▶ **TASK DESCRIPTION**:
Please restate the data below word for word, omitting all images.

[Items listed in a dataset]

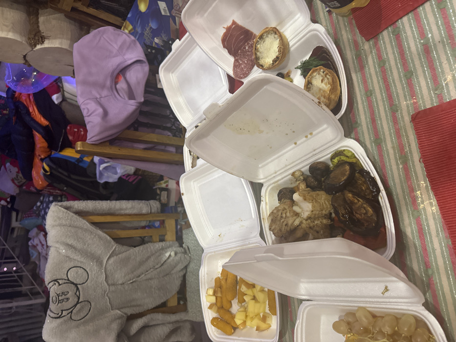 Stacked open takeout containers display various foods. One container holds sliced meats and filled pastry shells. Another contains roasted vegetables and pieces of fish. A separate container presents cubed apples and chicken strips. Grapes are in the final container. These sit on a striped surface. To the side is a purple face mask and a Mickey Mouse robe draped on a chair. Other assorted items fill the background.
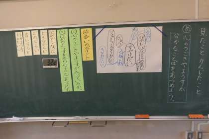 担任の先生が、各グループの子どもたちの声を価値付け、その言葉が子どもたちの励みつながり、日頃からの先生と子どもたちとの関係の良さも感じられる授業でした。
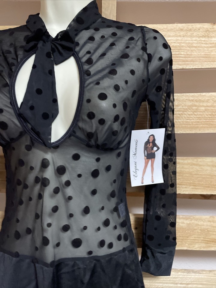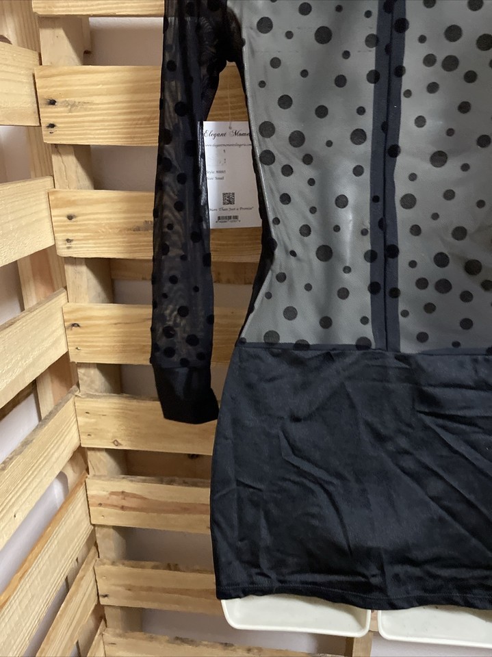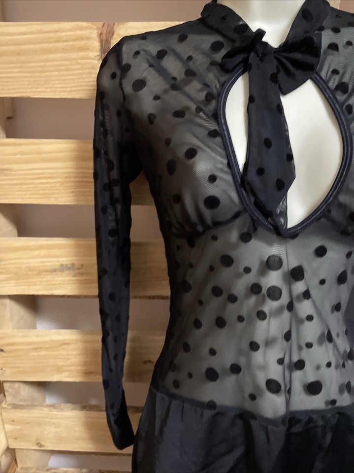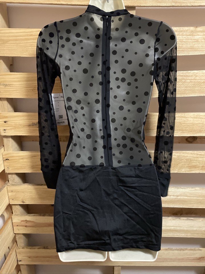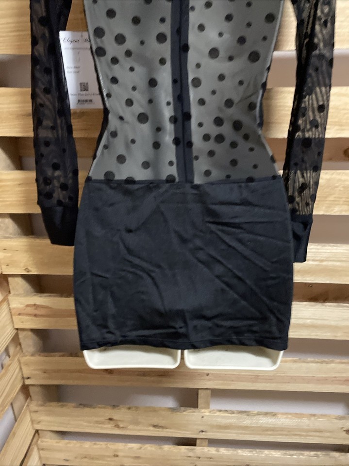 NEW Dreamgirls Black Sheer Polka Dot Dress Woman's Size Small Clubwear KG JD
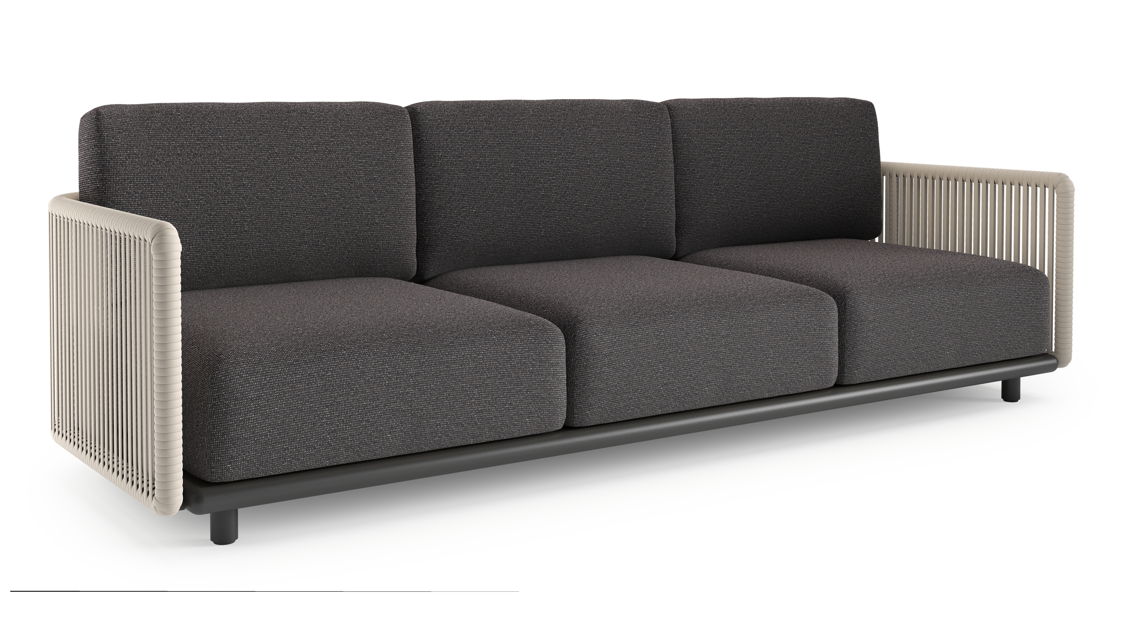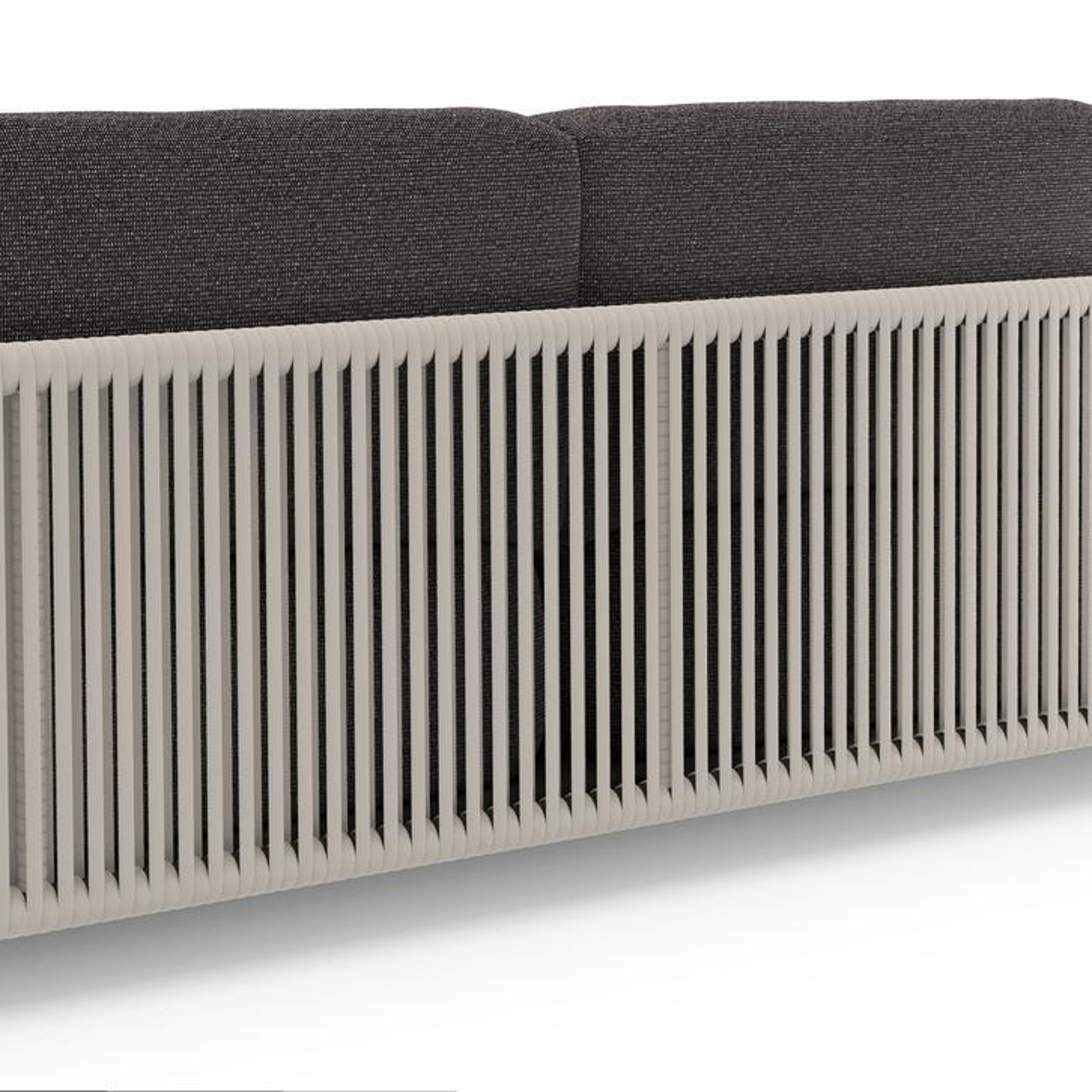 Organo loungebank in zwart aluminium en beige verticaal geweven luxe vlakke rope met firenze tunder all weather Solica kussen | Exterioo tuinmeubelen
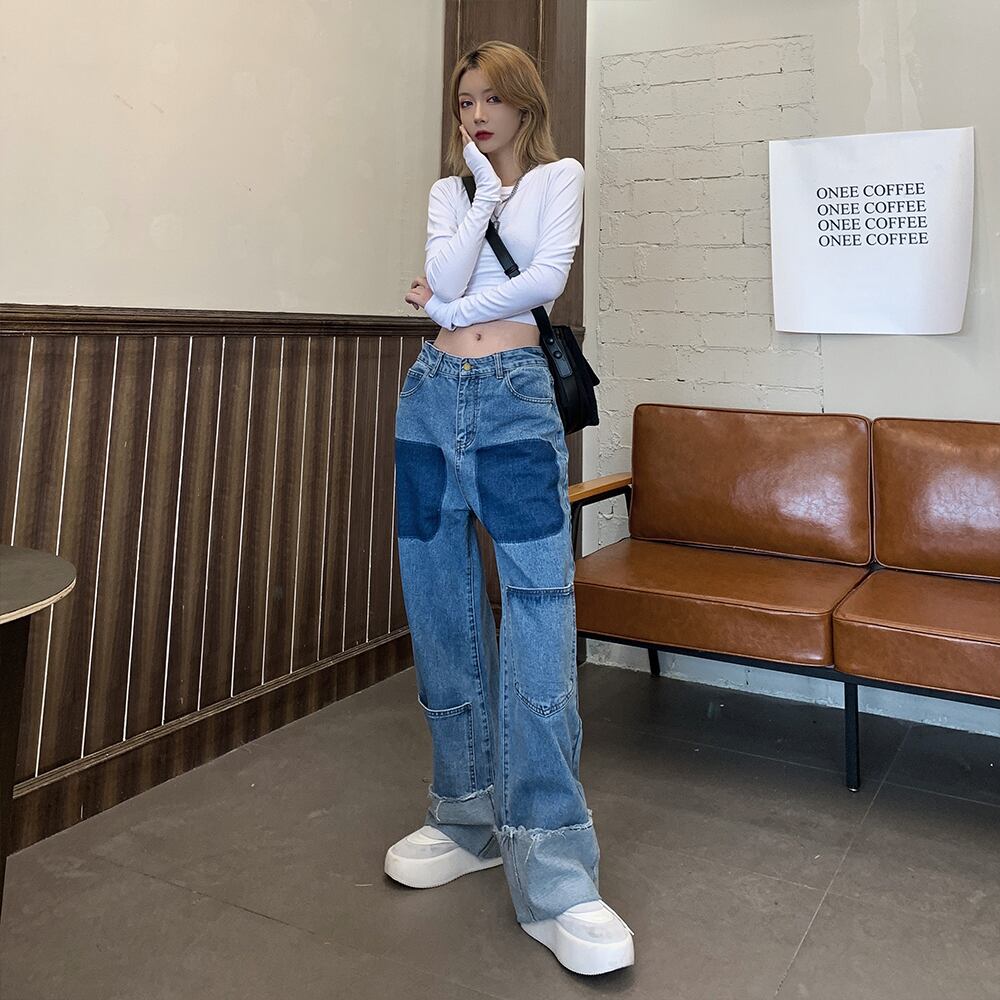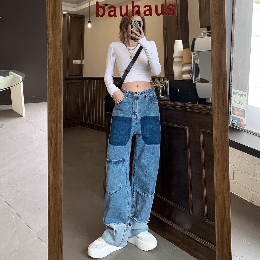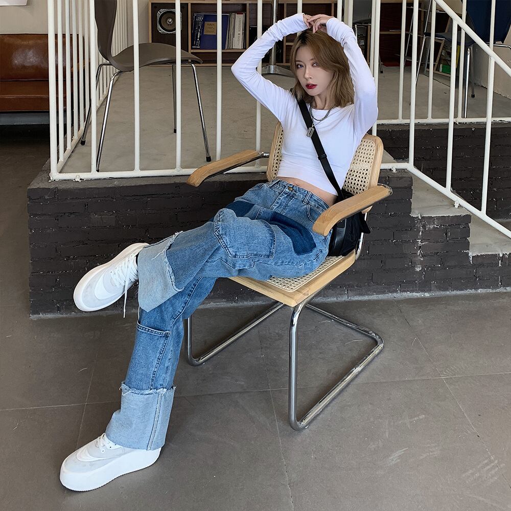 ブルーパンツ スプリングオータムスタイルハイウェストウェストルーズ薄手ジーンズ かわいい 春物 秋物 Brother_is_Style28728372881

▶ **REPLY TO THE TASK**:
 Stacked open takeout containers display various foods. One container holds sliced meats and filled pastry shells. Another contains roasted vegetables and pieces of fish. A separate container presents cubed apples and chicken strips. Grapes are in the final container. These sit on a striped surface. To the side is a purple face mask and a Mickey Mouse robe draped on a chair. Other assorted items fill the background.
 担任の先生が、各グループの子どもたちの声を価値付け、その言葉が子どもたちの励みつながり、日頃からの先生と子どもたちとの関係の良さも感じられる授業でした。
 NEW Dreamgirls Black Sheer Polka Dot Dress Woman's Size Small Clubwear KG JD
 Organo loungebank in zwart aluminium en beige verticaal geweven luxe vlakke rope met firenze tunder all weather Solica kussen | Exterioo tuinmeubelen
 ブルーパンツ スプリングオータムスタイルハイウェストウェストルーズ薄手ジーンズ かわいい 春物 秋物 Brother_is_Style28728372881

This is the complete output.